Supporters of Vice President Kamala Harris are surely experiencing disappointment, but one of the Biden-Harris administration's pillars — "industrial policy" — won big on Tuesday. That's because it's already been embraced by both parties. President-elect Donald Trump loves expensive tariffs, and Harris loves big subsidies to big businesses, and to some degree vice versa.
That, my friends, should disappoint us all. Industrial policy represents one of the most dangerous economic illusions of our time.
Often presented as a populist program, it's usually implemented in a way that makes it no different than the worst crony programs. According to my friend Sam Gregg – an expert on the issue for the American Institute for Economic Research and author of the excellent book "The Next American Economy" – industrial policy "involves trying to alter the allocation of resources and incentives in particular economic sectors that would otherwise transpire if entrepreneurs and businesses were left to themselves."
It's also known by another name: central planning.
Industrial policy's tools include giving out subsidies, tax preferences, trade protection, preferential financing and regulatory advantages. To be sure, we already have plenty of that, including a tax code littered with exemptions for special interests and a budget full of costly subsidies. What makes industrial policy distinct is that it picks certain economic activities to promote in attempts to reorder our economic landscape – sometimes even for cultural reasons.
Democrats use it to force a transition away from energy sources they dislike. They use mandates, subsidies and tax incentives to permanently change the way we consume energy at the national level, whether we want it or not. Meanwhile, lots of Republicans want to impose tariffs that push more people into manufacturing jobs and incentivize women to stay home so that America looks more like it did in the 1950s.
Both sides want to coerce some people into activities that are not in their best interests. So, to achieve a national order that intellectuals and politicians prefer over the current one, the economy must suffer.
While industrial policy can direct funds toward specific goals or industries, it often fails to deliver on its promises and does not contribute to the genuine improvement of our culture and communities. When governments attempt to steer industrial development through subsidies, targeted tax breaks and preferential treatment, they inevitably distort market signals that efficiently allocate resources.
A stark example is Boeing. Decades of subsidies and special treatment have not made the company more innovative or competitive. Instead, they produced a culture of dependency in which political connections trump customer satisfaction.
The same pattern repeats across industries from green energy to semiconductors. Government intervention doesn't create sustainable competitive advantages for America; it creates politically protected incumbents who become experts at lobbying rather than innovating. When the incumbents lose their edge and their projects flounder, they come back for money. Politicians who loathe seeing their "national champions" fail extend more subsidies and tariffs.
Some people worry that this is exactly what will happen to Intel. Despite being the biggest recipient of the Biden administration's semiconductor industrial policy – the federal CHIPS and Science Act – Intel is having money problems, largely due to bad business decisions. As Semafor reports, top Commerce Department officials and members of Congress are considering whether they will need to give more handouts to the company because "Intel is seen as too strategically important to be allowed to fall into serious trouble."

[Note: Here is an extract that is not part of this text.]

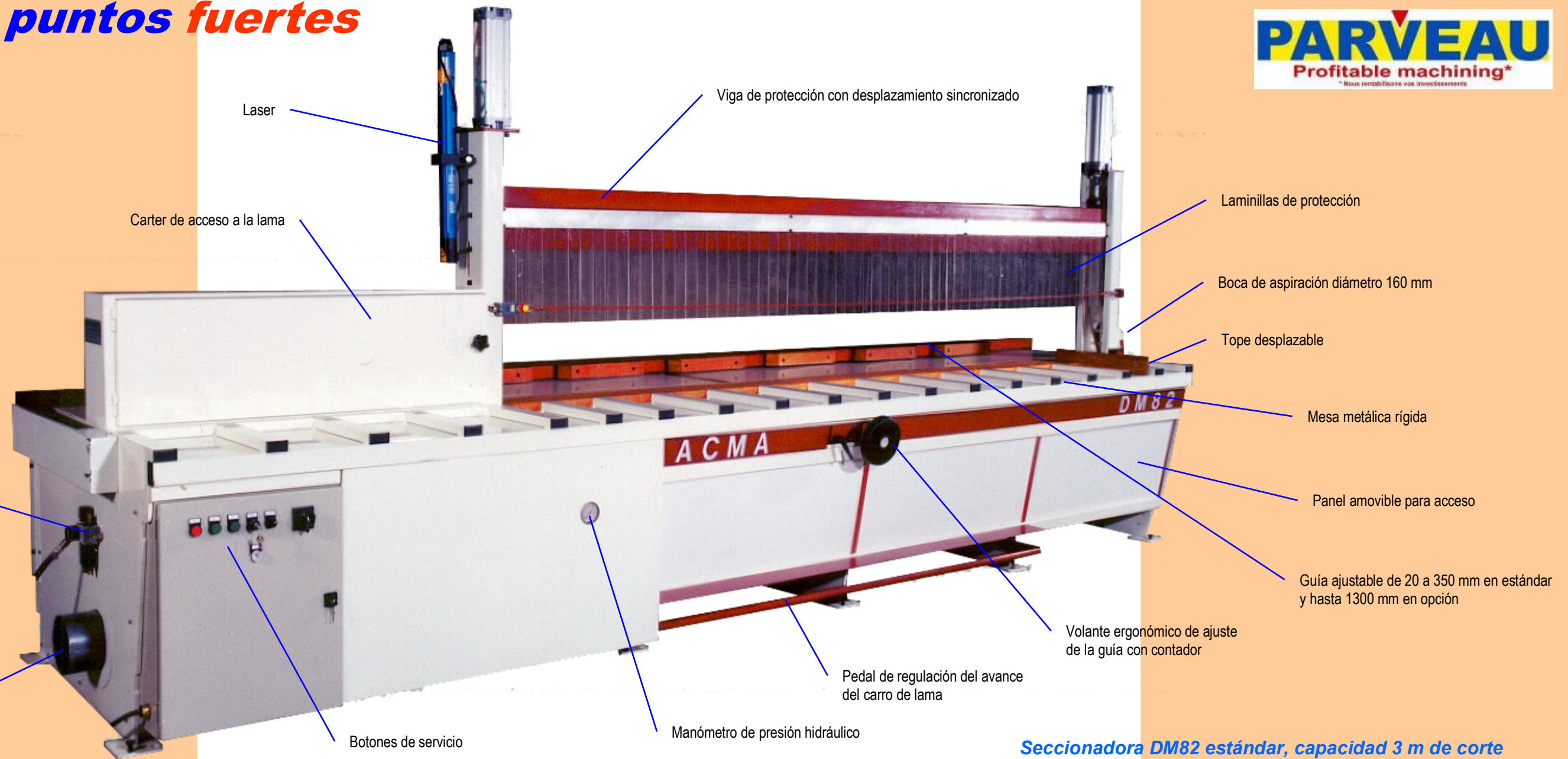
Seccionadora DM82 estándar, capacidad 3 m de corte

Protecting a company from the discipline of the market all but guarantees that it gets worse rather than better. It doesn't help that politicians often load the beneficiaries with counterproductive requirements. Take the news that the Environmental Protection Agency handed out $3 billion in Clean Ports Program funds from the Inflation Reduction Act on the strict condition that ports do not use automation. Welcome to the industrial-policy stone age, where "keeping America competitive" doesn't mean keeping costs low for us consumers through efficiency.
Another major problem with industrial policy is that the money goes to companies that do not need it, and to do things that would be done without the subsidies. National Review's Dominic Pino reminds us that another large beneficiary of the CHIPS Act, Taiwan Semiconductor Manufacturing Co., had "announced its intention to invest $12 billion in constructing (an) Arizona facility in May 2020. That was over a year before the CHIPS Act was introduced, and over two years before it became law."
I wish I had better news. If Trump and Congress don't initiate a move away from central planning, we will pay a heavy price.
Veronique de Rugy is the George Gibbs Chair in Political Economy and a senior research fellow at the Mercatus Center at George Mason University.